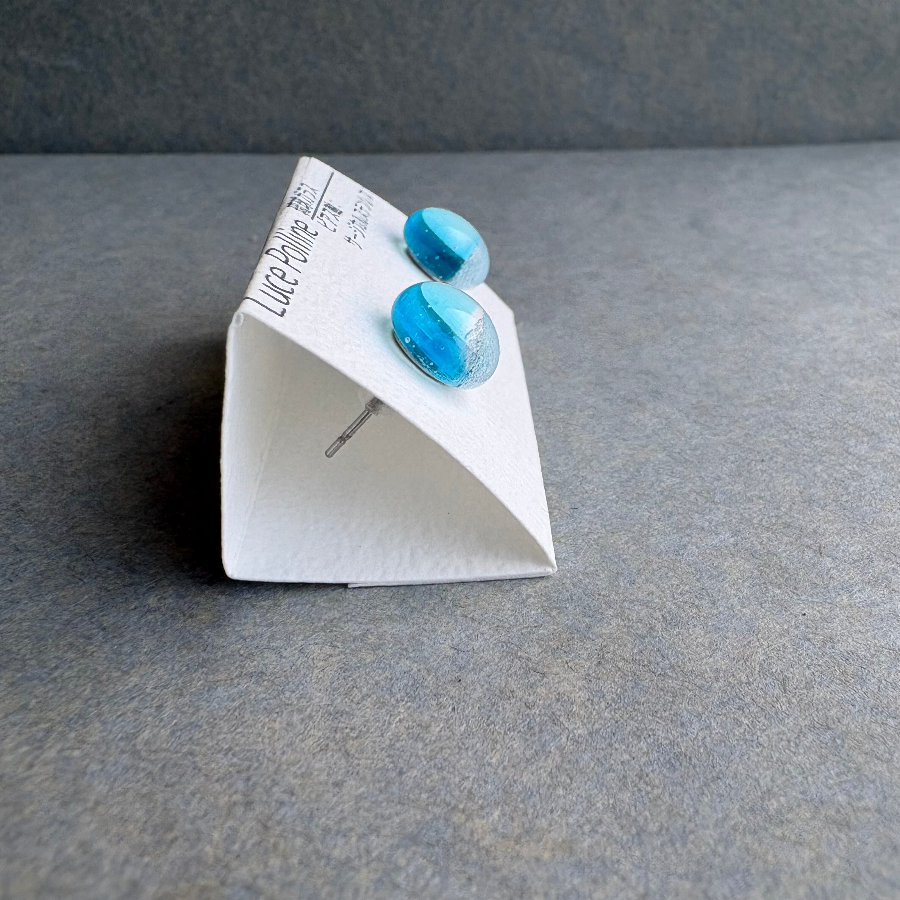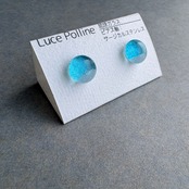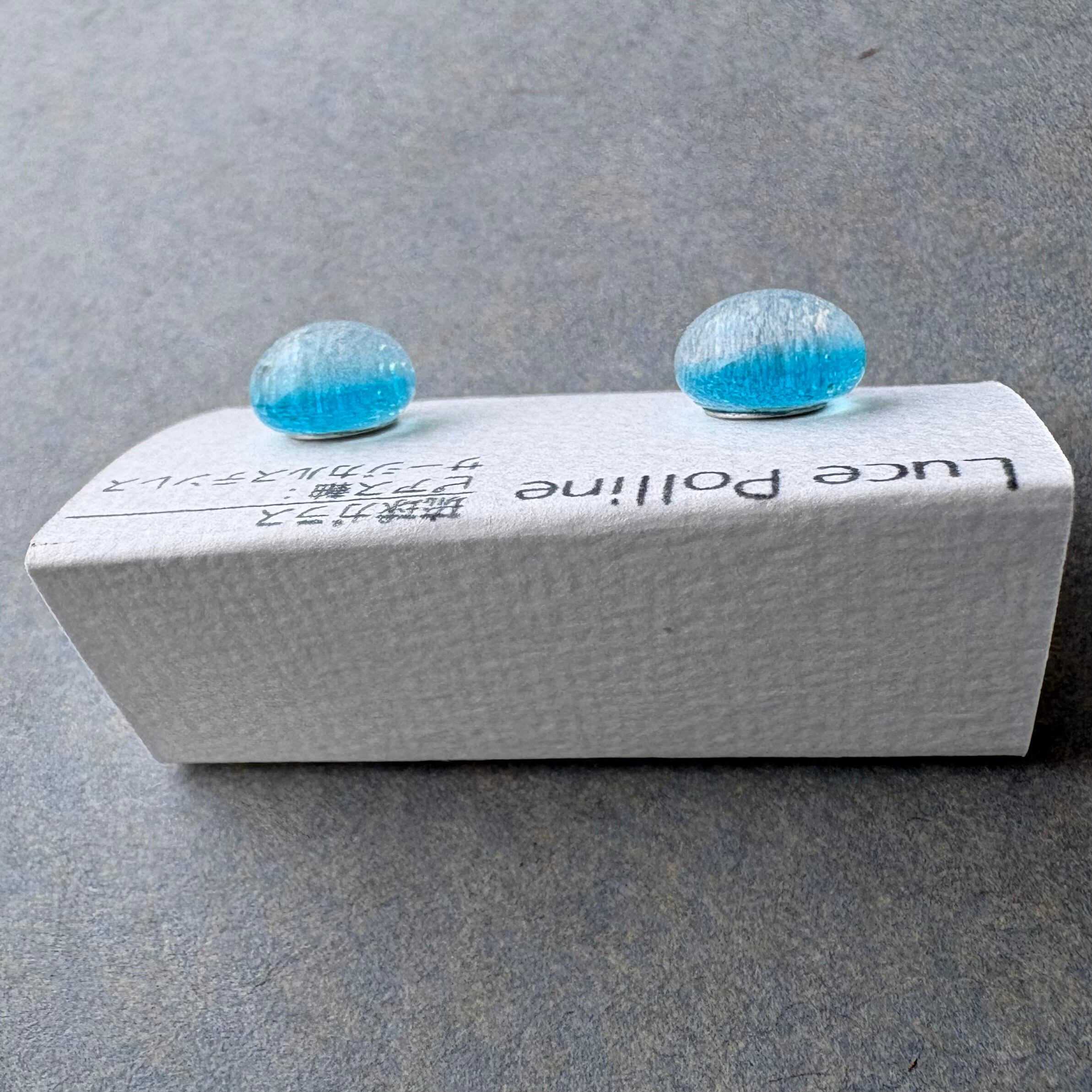 透明な水色に白い気泡の入った琉球ガラスの粒です。
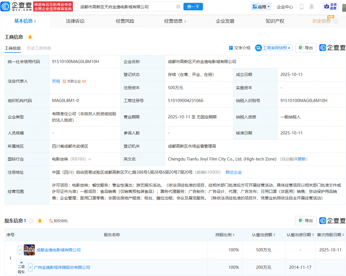 近日,成都市高新区天府金逸电影城有限公司成立,法定代表人为苏鸣,经营范围包含:电影放映;餐饮服务;营业性演出;游艺娱乐活动;票务代理服务;广告制作等。企查查股权穿透显示启灯网,该公司由金逸影视(002905)间接全资持股。
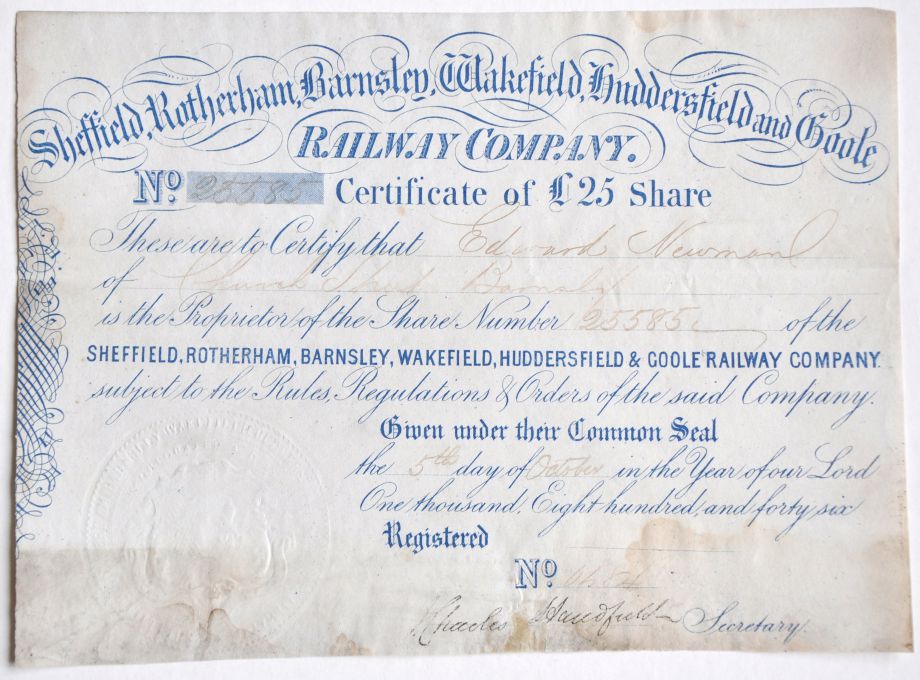 Lot 123 | Category: Share CertificatesSHEFFIELD, ROTHERHAM, BARNSLEY, WAKEFIELD, HUDDERSFIELD AND GOOLE RAILWAY share certificate for one £25 share dated 1846. Ornate scrolled title, embossed seal, blue print, not cancelled. Marked at bottom edge. £10 |
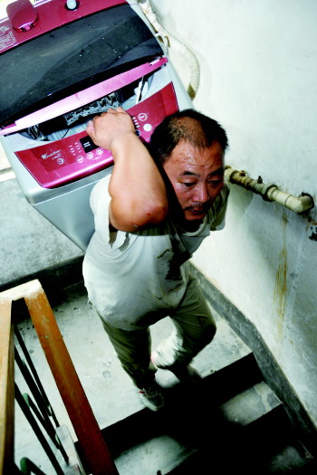 已经45岁的杨师傅拖着缓慢沉重但不间断的步子一层层把冰箱背上5楼。“搬家是体力活,更是技术活,搬的物件大,但是楼梯又窄,怎么在不碰损家具的基础上,把它安全的送到家里,没个几年功夫不行,我搬了快10年了,我现在就能保证,不会碰掉家具的一块漆。”
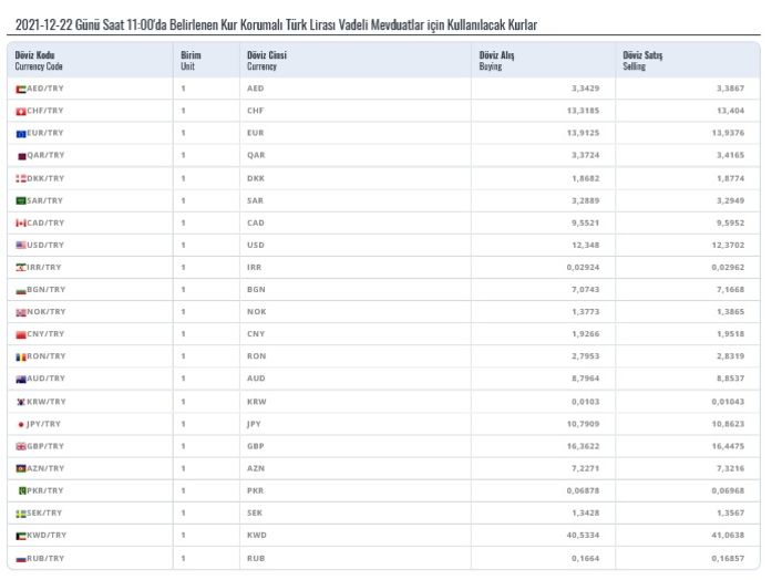 Türkiye Cumhuriyet Merkez Bankası (TCMB), Kur Korumalı Türk Lirası Vadeli Mevduatlar için kullanılacak kurları açıklamaya başladı. Hazine ve Maliye Bakanlığı, kur farkı hesaplamaları için TCMB'nin her gün saat 11:00’de dolar döviz alış kuru yayınlayacağını duyurmuştu.
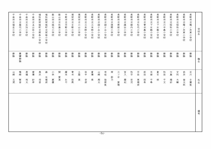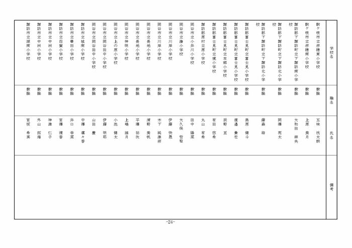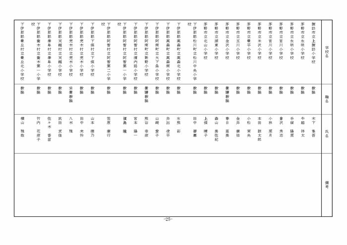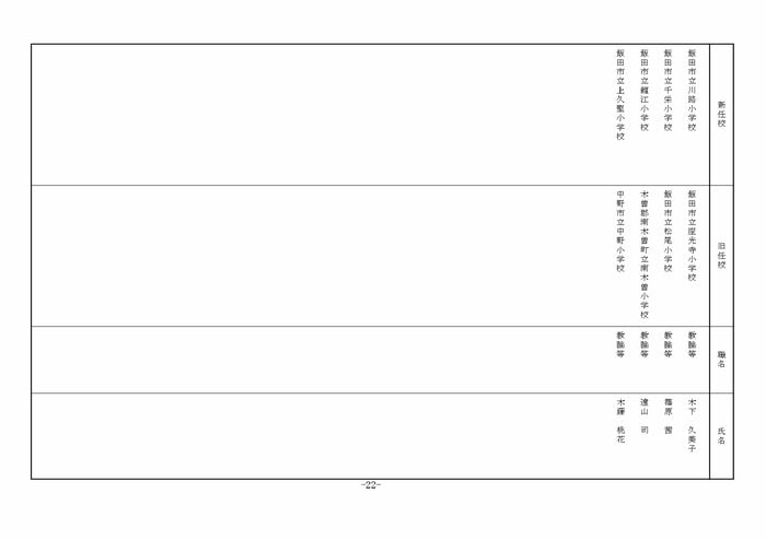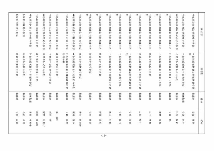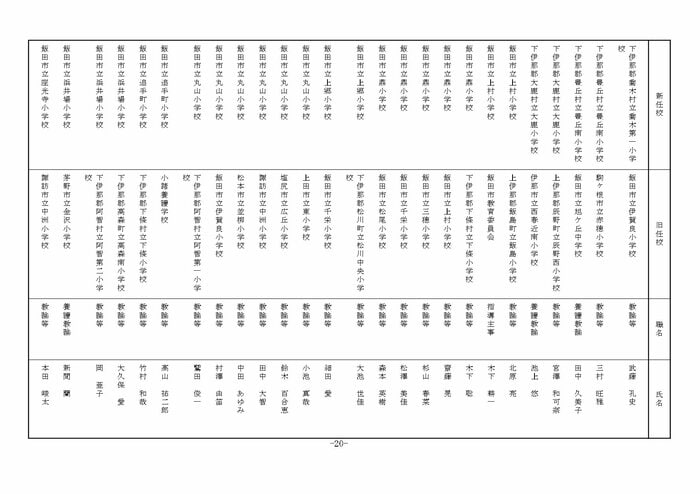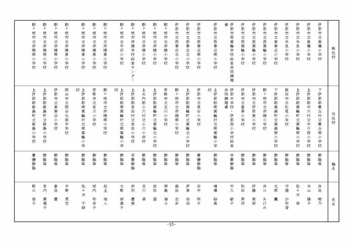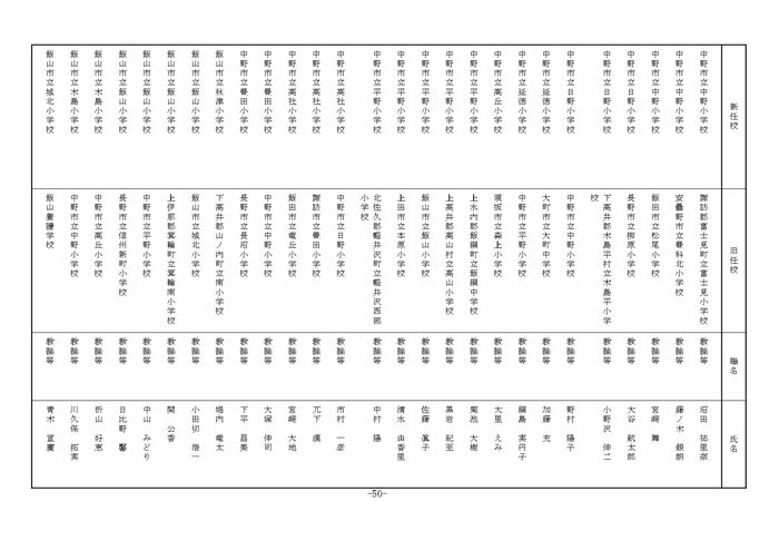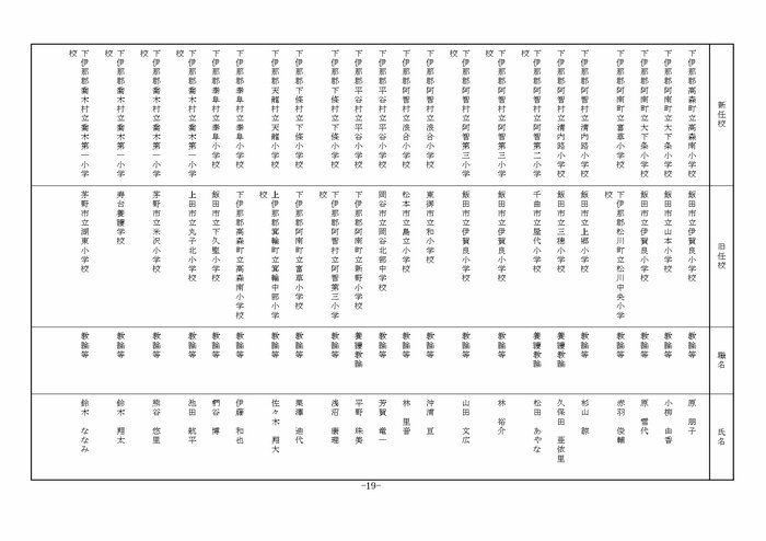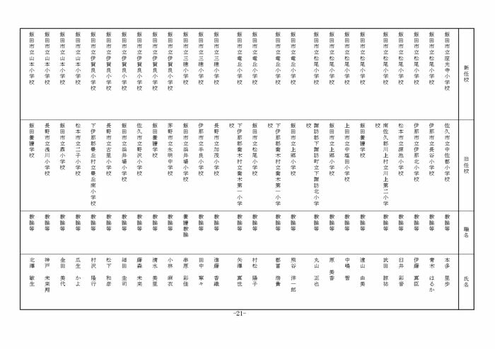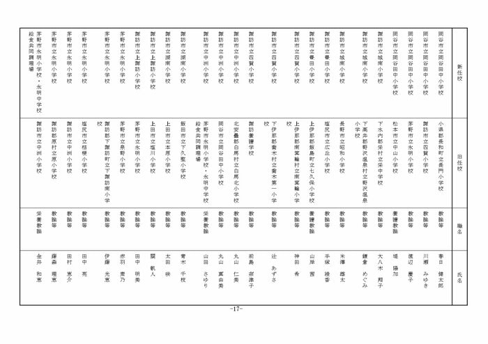 南信地域の小学校へ異動する教諭等は以下の通り。

===============

## Assigned task
Reproduce exactly, and only, the lines from the opening line of the listing above through the line holding "已经45岁的杨师傅拖着缓慢沉", minus the pictures.

## Final answer
 透明な水色に白い気泡の入った琉球ガラスの粒です。
 近日,成都市高新区天府金逸电影城有限公司成立,法定代表人为苏鸣,经营范围包含:电影放映;餐饮服务;营业性演出;游艺娱乐活动;票务代理服务;广告制作等。企查查股权穿透显示启灯网,该公司由金逸影视(002905)间接全资持股。
 Lot 123 | Category: Share CertificatesSHEFFIELD, ROTHERHAM, BARNSLEY, WAKEFIELD, HUDDERSFIELD AND GOOLE RAILWAY share certificate for one £25 share dated 1846. Ornate scrolled title, embossed seal, blue print, not cancelled. Marked at bottom edge. £10 |
 已经45岁的杨师傅拖着缓慢沉重但不间断的步子一层层把冰箱背上5楼。“搬家是体力活,更是技术活,搬的物件大,但是楼梯又窄,怎么在不碰损家具的基础上,把它安全的送到家里,没个几年功夫不行,我搬了快10年了,我现在就能保证,不会碰掉家具的一块漆。”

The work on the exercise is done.